The form of the oscillation may also vary. For example, in one embodiment, the oscillation between the two states has the form of a square wave, sinusoidal wave, or triangular wave. In other words, the transition from the first state to the second state may be abrupt, e.g., square waveform, or more tapered, e.g., a sinusoidal wave or triangular waveform. Those of skill in the art in light of this disclosure will be able to determine without undue experimentation the optimal waveform. For example, depending upon the perceptible difference between the first and second states, it may be preferable to extend the transition between the first and second states. This may be the case, for example, if the difference between the first and second states is particularly apparent to the naked eye. On the other hand, if the difference between the first and second states is not particularly noticeable to the naked eye, it may be preferable to abruptly switch between the first state and the second state, and, thus, a square wave may be preferred.

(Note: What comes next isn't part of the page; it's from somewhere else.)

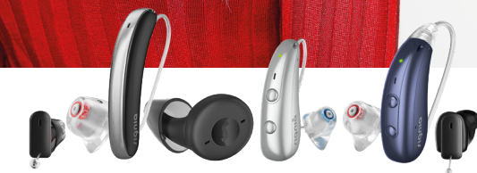
Signia IX Hörgeräte

For example, if the second light source emits metamers in the first and second states, then an abrupt transition between the states may be fine because the difference between metamers is not discernable to the naked eye. Furthermore, even if the difference between the first and second states of the pulsed light is noticeable, it may be preferable to use a square wave because a more abrupt change between the first and second states may be more effective in entraining gamma waves. One of skill the art in light of this disclosure will be able to configure the oscillation transition between the first and second states to optimize brainwave entrainment and user comfort.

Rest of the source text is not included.